In vista dell’udienza della Cassazione che il 3 maggio metterà fine alla lunga vicenda giudiziaria , che vede lei e i familiari colpevoli dell’omicidio del suo fidanzato Marco Vannini, Martina Ciontoli affida al Tg2 una lettera nella quale racconta il suo stato d’animo.
Ci sarebbe da dire ” Che faccia tosta”.
Si infanga ancora la memoria di questo ragazzo , morto in modo crudele .
Marco poteva essere salvato ma quella maledetta sera , nessuno lo aiutò.
Sono ancora vive nelle nostre menti , le sue urla strazianti, intercettate in una delle tante ed inutili telefonate , fatte al 118.
Marco chiedeva aiuto, Marco voleva sua madre , ma nessuno ha fatto nulla.
Per Mamma Marina queste parole della ex fidanzata sono un doppio insulto.

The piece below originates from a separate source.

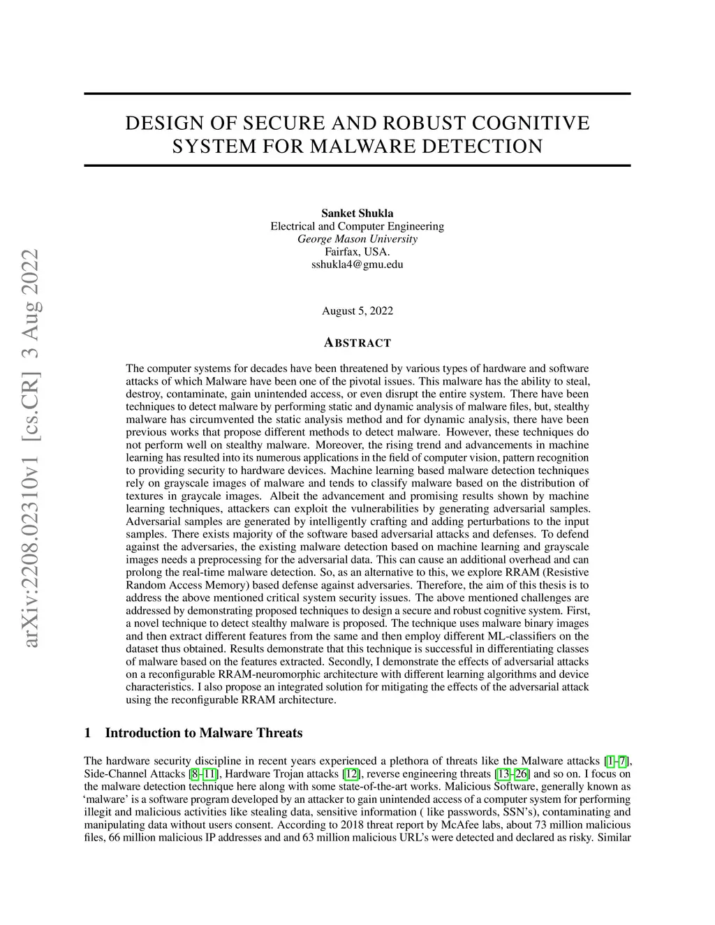 Machine learning based malware detection techniques rely on grayscale images of malware and tends to classify malware based on the distribution of textures in graycale images. Albeit the advancement and promising results shown by machine learning techniques, attackers can exploit the vulnerabilities by generating adversarial samples. Adversarial samples are generated by intelligently crafting and adding perturbations to the input samples. There exists majority of the software based adversarial attacks and defenses. To defend against the adversaries, the existing malware detection based on machine learning and grayscale images needs a preprocessing for the adversarial data. This can cause an additional overhead and can prolong the real-time malware detection. So, as an alternative to this, we explore RRAM (Resistive Random Access Memory) based defense against adversaries. Therefore, the aim of this thesis is to address the above mentioned critical system security issues. The above mentioned challenges are addressed by demonstrating proposed techniques to design a secure and robust cognitive system. First, a novel technique to detect stealthy malware is proposed. The technique uses malware binary images and then extract different features from the same and then employ different ML-classifiers on the dataset thus obtained. Results demonstrate that this technique is successful in differentiating classes of malware based on the features extracted. Secondly, I demonstrate the effects of adversarial attacks on a reconfigurable RRAM-neuromorphic architecture with different learning algorithms and device characteristics. I also propose an integrated solution for mitigating the effects of the adversarial attack using the reconfigurable RRAM architecture.

Insulto alla memoria del suo unico figlio .
Ecco una sintesi delle sue parole che ci fanno ancora più rabbia :
Avevo 19 anni, Marco 20, quando una notte, all’improvviso, cambiava tutto. Per mano di mio padre.
Per uno scherzo… Io non avevo capito niente. Marco stava morendo.
Sono sensi di colpa? Chissà ma ora è troppo tardi diremo .
Ripercorriamo un po’ la vicenda .
Il 17 maggio del 2015, Marco Vannini muore a Ladispoli nella casa della fidanzata Martina Ciontoli.
La causa, un colpo d’arma da fuoco.
Dopo lo sparo vengono chiamati i soccorsi ma la prima telefonata per l’arrivo di un’ambulanza (come dimostrano le registrazioni a disposizione della magistratura) viene annullata.
Sotto si sentono le grida strazianti di Marco che chiedeva aiuto e che chiamava la sua mamma.
Ma i Ciontoli liquidano l’operatrice del 118 dicendo che Marco si è solo spaventato tanto per un colpo d’aria.
Un’ora più tardi parte una seconda telefonata, ma anche questa volta l’incidente viene minimizzato: nessuno parla di un colpo d’arma da fuoco, quello che ha trapassato il polmone di Marco dopo essere entrato da sotto il suo braccio destro.
All’operatore dell’emergenza sanitaria, chi chiama riferisce di un non precisato «buchino con il pettine».
Secondo l’accusa, l’intento di Antonio Ciontoli era chiaro: avrebbe tentato di rifiutare qualsiasi tipo d’intervento esterno per salvare la vita del ragazzo.